## INFORMATION SHOWN
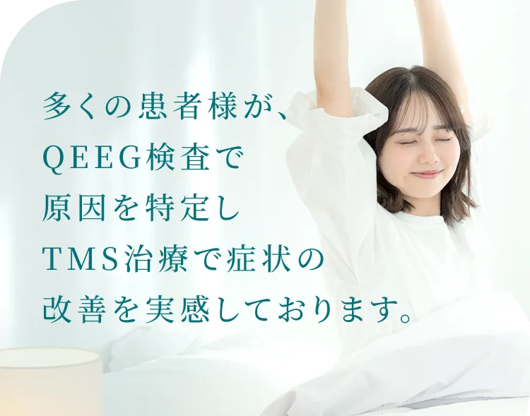 中途覚醒など睡眠の質が悪かったが、QEEG検査で脳波を調べ、TMS治療から中途覚醒がなくなり日中も過ごしやすくなった。
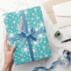 Wrapping paper featuring a winter snowflake pattern on a blue background. Perfect for Christmas / Holiday celebrations.
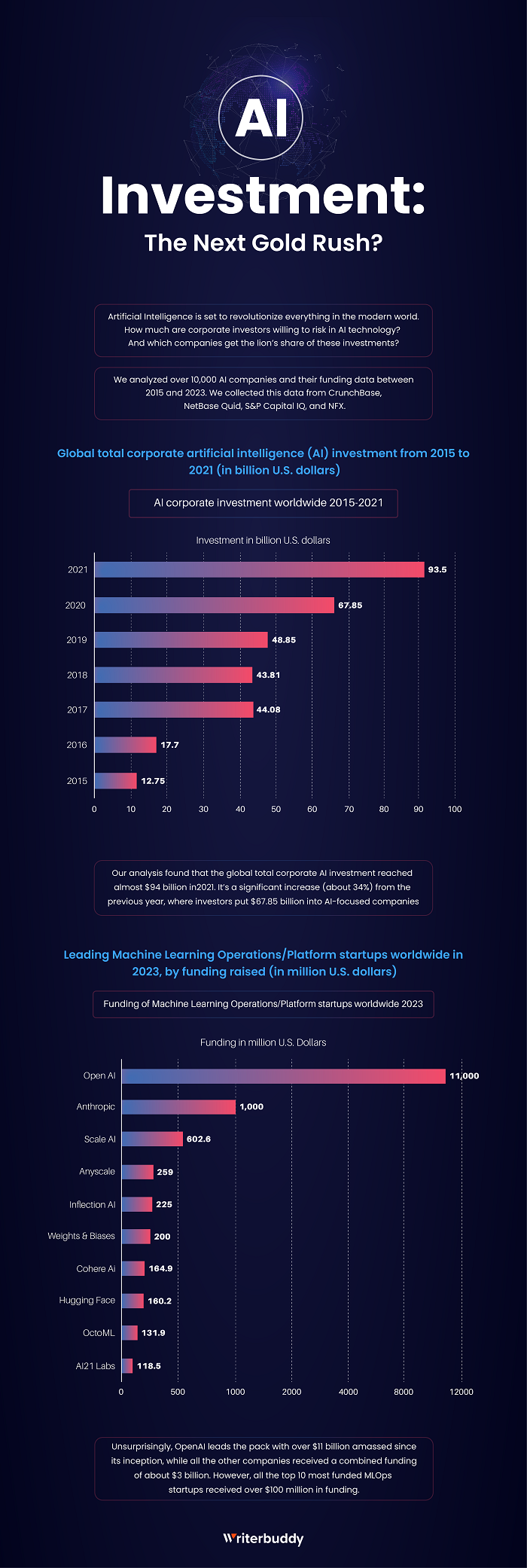 To answer these questions, our friends over at writerbuddy.ai analyzed over 10,000 AI companies and their funding data between 2015 and 2023. The data was collected from CrunchBase, NetBase Quid, S&P Capital IQ, and NFX. Corporate AI investment has risen consistently to the tune of billions. The investment soared from 12.75 billion dollars in 2015 to 93.5 billion dollars in 2021, marking a remarkable 633.33% increase over the six-year period.
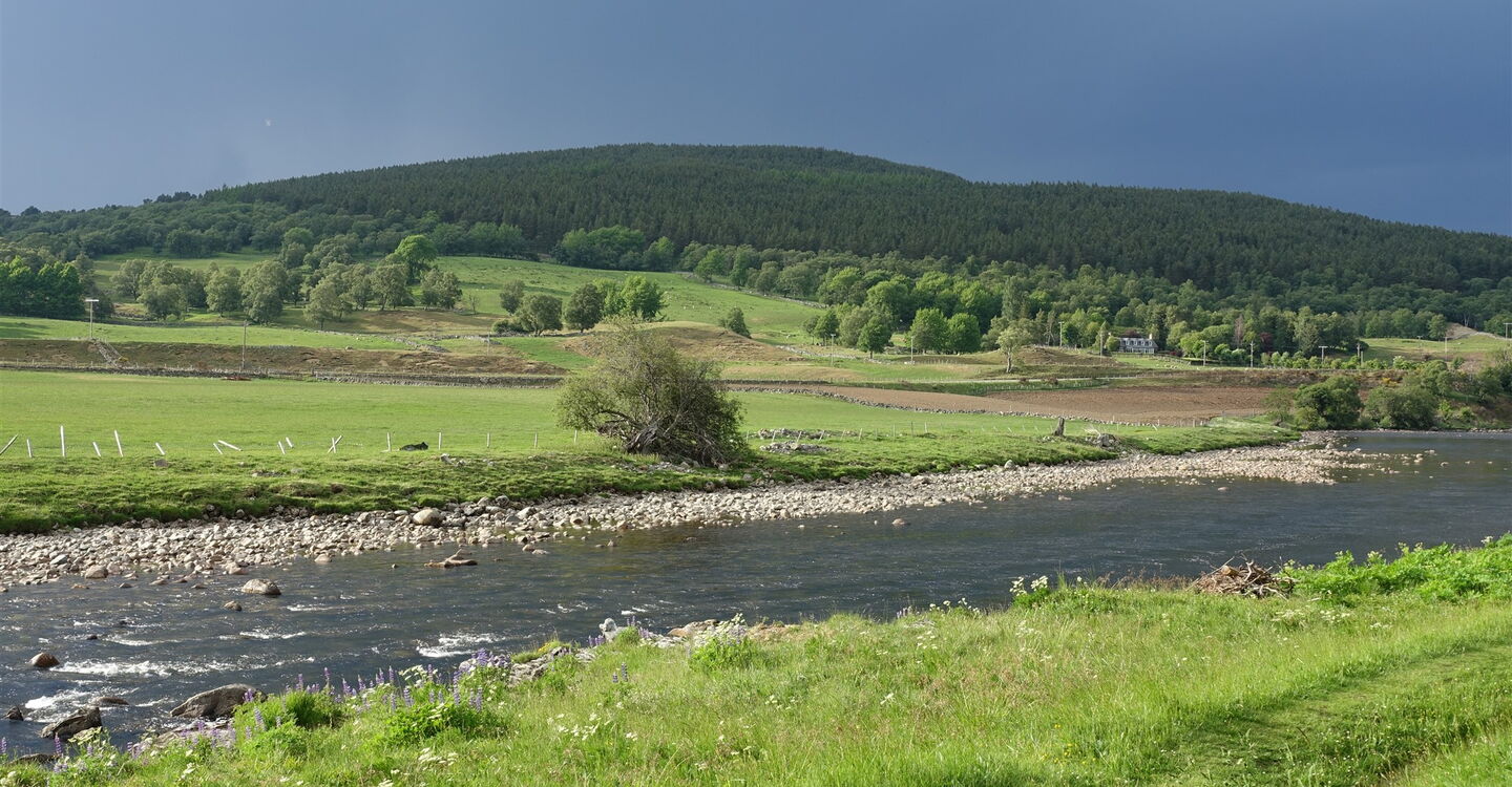 Wir gehen über den kostenpflichtigen Parkplatz in der kleinen Ortschaft Crathie Richtung Ballater. Auf Höhe des Souvenirladens befindet sich links oberhalb die 01 Crathie Kirk (274 m), wir gehen dort rechts auf der Asphaltstraße herunter. Im weiteren Verlauf ignorieren wir den rechten Abzweiger zum Friedhof und gehen bis zum Ende der Straße. Dort gehen wir dann rechts, halten uns hinter der Suspension Bridge über den Fluss Dee rechts, biegen nach weiteren 80 m links ab und nehmen dann die zweite Straße links – die erste führt zur Royal Lochnagar Distillery. Unser Weg führt an malerisch gelegenen Cottages vorbei.

## WORK TO COMPLETE
The data above, line by line: transcribe it exactly and drop the pictures.

## YOUR SOLUTION
 中途覚醒など睡眠の質が悪かったが、QEEG検査で脳波を調べ、TMS治療から中途覚醒がなくなり日中も過ごしやすくなった。
 Wrapping paper featuring a winter snowflake pattern on a blue background. Perfect for Christmas / Holiday celebrations.
 To answer these questions, our friends over at writerbuddy.ai analyzed over 10,000 AI companies and their funding data between 2015 and 2023. The data was collected from CrunchBase, NetBase Quid, S&P Capital IQ, and NFX. Corporate AI investment has risen consistently to the tune of billions. The investment soared from 12.75 billion dollars in 2015 to 93.5 billion dollars in 2021, marking a remarkable 633.33% increase over the six-year period.
 Wir gehen über den kostenpflichtigen Parkplatz in der kleinen Ortschaft Crathie Richtung Ballater. Auf Höhe des Souvenirladens befindet sich links oberhalb die 01 Crathie Kirk (274 m), wir gehen dort rechts auf der Asphaltstraße herunter. Im weiteren Verlauf ignorieren wir den rechten Abzweiger zum Friedhof und gehen bis zum Ende der Straße. Dort gehen wir dann rechts, halten uns hinter der Suspension Bridge über den Fluss Dee rechts, biegen nach weiteren 80 m links ab und nehmen dann die zweite Straße links – die erste führt zur Royal Lochnagar Distillery. Unser Weg führt an malerisch gelegenen Cottages vorbei.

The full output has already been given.